Quand on évoque le Cirque Humberto, de nombreux écrivains pensent à Eduard Bass, l'auteur d'une chronique romanesque retraçant plusieurs générations de cirquains, ainsi que du nom d'un cirque imaginaire. Le livre, publié en 1941, était basé sur des expériences authentiques. Il n'a pas vécu assez longtemps pour voir que, dix ans plus tard, l'entreprise d'État "Cirques et Variétés de Tchécoslovaquie" utilisait le titre du roman pour un véritable cirque, le Humberto.
Le Cirque Humberto continue aujourd'hui de répandre la joie auprès des petits et des grands. Depuis 30 ans, Hynek Navrátil en est le propriétaire, et nous avons discuté avec lui des joies et des difficultés de la vie d'un directeur de cirque et d'un dresseur d'animaux.
Le Cirque Humberto est notre cirque le plus connu et le plus important. Qu'est-ce qui vous a poussé à décider de l'acheter ?
Il y a 30 ans, mon frère Bohumil et moi avons acheté la marque déposée du Cirque Humberto. Nos parents et notre grand-père avaient tous un cirque, mais lorsque la nationalisation est intervenue, tous les cirques ont été nationalisés. Mon père a ensuite travaillé pour les cirques de l'État, et nous, avec mon frère, y avons également travaillé en tant que dresseurs. En 1992, les cirques de l'État ont disparu, et nous, avec mon frère, avons accepté des contrats en France et en Allemagne. C'est là que nous avons décidé de relancer notre propre cirque, celui de notre grand-père et même de notre arrière-grand-père, bien sûr sous un autre nom, le cirque Konrád. À cette époque, le Cirque Humberto était en vente aux enchères, et c'était le seul cirque dont l'entreprise d'État avait conservé la marque déposée, nous l'avons donc achetée et nous avons commencé à faire des affaires à partir de zéro. En 2011, mon frère s'est séparé de moi et dirige le Cirque Bob Navarro King.

Avez-vous une idée du nombre d'autres cirques ? Combien y en a-t-il actuellement en République tchèque ? Vous connaissez-vous et êtes-vous plutôt amis ou concurrents ?
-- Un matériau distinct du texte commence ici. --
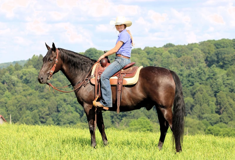 ⚜ The HERITAGE Classic ⚜ Happening now thru MONDAY | AUGUST 11th - Available EXCLUSIVELY on HorseBid's website! For more details and to register visit: www.Horsebid.com CONSIGNOR CONTACT: KS Select Horses 814-229-3290 LOCATION: Clarion, PA BREED: QH REGISTERED: No REGISTERED NAME: Pistol COLOR: Black HEIGHT: 15 AGE: 12 GENDER: Gelding Pistol is a 12 Year Old Black Quarter Horse Gelding. He is 15 hands tall and very stocky built. He is built like the old foundation Quarter Horses. Wow Check Him Out!! He is the whole package! Good Looking, Perfect Age, Quiet , Gentle , Super Broke To Ride and Safe!! Pistol is a very good trail horse. He will go anywhere you ask him to go on the trail. Goes thru mud, water and over logs with ease. Trail ride him out alone or with other horses. If you been looking for that reliable seasoned trail mount then Pistol is exactly that. He also rides nicely in the arena and has a nice walk, trot and canter. Lopes good circles and hits his leads each way. Would be a good horse to give kids riding lessons on or beginners or timid riders. We have also have used him to push cattle around the farm and he really enjoys any kind of ranch work you give him to do also. Pistol stands for the mounting block making him easy to get on. He is very friendly and loves attention. He is good for the farrier and the vet and easy to bath. If you been looking for that super nice all around gelding then be sure to check Pistol out. We can help arrange delivery anywhere in the United States. Call or Text Kris at 814-229-3290. Thank You and God Bless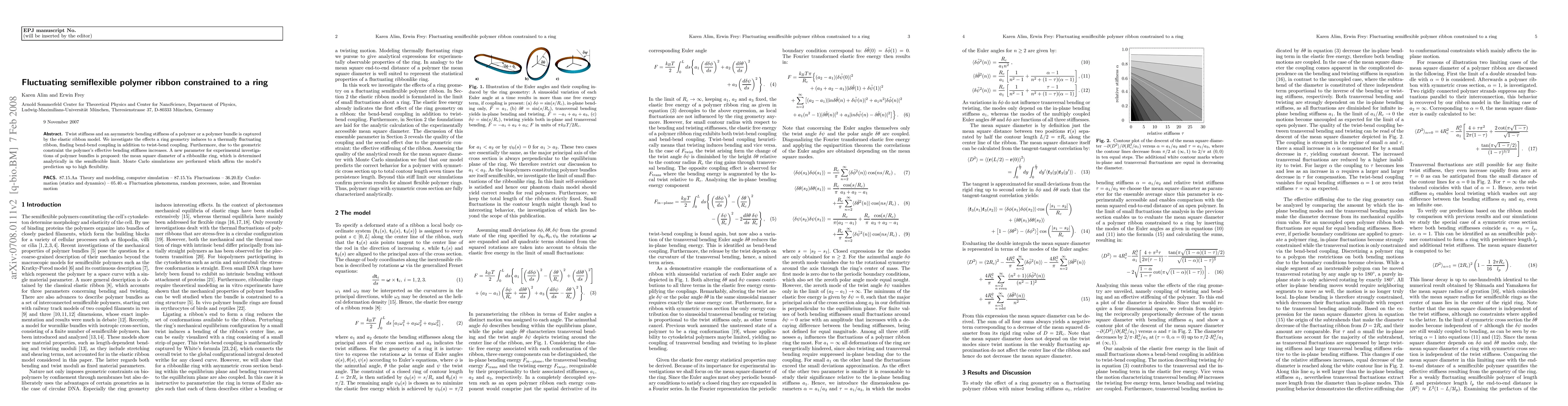 Twist stiffness and an asymmetric bending stiffness of a polymer or a polymer bundle is captured by the elastic ribbon model. We investigate the effects a ring geometry induces to a thermally fluctuating ribbon, finding bend-bend coupling in addition to twist-bend coupling. Furthermore, due to the geometric constraint the polymer's effective bending stiffness increases. A new parameter for experimental investigations of polymer bundles is proposed: the mean square diameter of a ribbonlike ring, which is determined analytically in the semiflexible limit. Monte Carlo simulations are performed which affirm the model's prediction up to high flexibility.

Au fil du temps, environ 30 cirques différents ont vu le jour, comme le Berousek, mais il y en a actuellement environ dix. Nous nous fréquentons normalement, nous essayons de nous entendre, avec certains cela fonctionne, avec d'autres non. Il existe également une rivalité entre certaines familles qui ne s'apprécient pas. Aujourd'hui, il est facile de se procurer une grande tente de cirque et d'embaucher des artistes, mais il est important de respecter les engagements financiers envers les artistes et le personnel technique. Ma devise est donc de ne devoir rien à personne. Le cirque ne reçoit aucune subvention, il dépend uniquement de la satisfaction du public, car tout est financé par les recettes des billets.
Est-ce une tradition dans votre famille que ce métier se transmette de génération en génération ?
Dans notre famille, je suis la quatrième génération d'artistes de cirque, et mes deux fils sont la cinquième. Je ne sais pas comment c'est dans la famille élargie, car nous, les artistes de cirque, nous nous rencontrons lorsque nous voyageons à travers l'Europe. Par exemple, ma grand-mère était Autrichienne, nous avons donc une famille là-bas, mais je ne sais pas s'ils sont dans le métier ou non.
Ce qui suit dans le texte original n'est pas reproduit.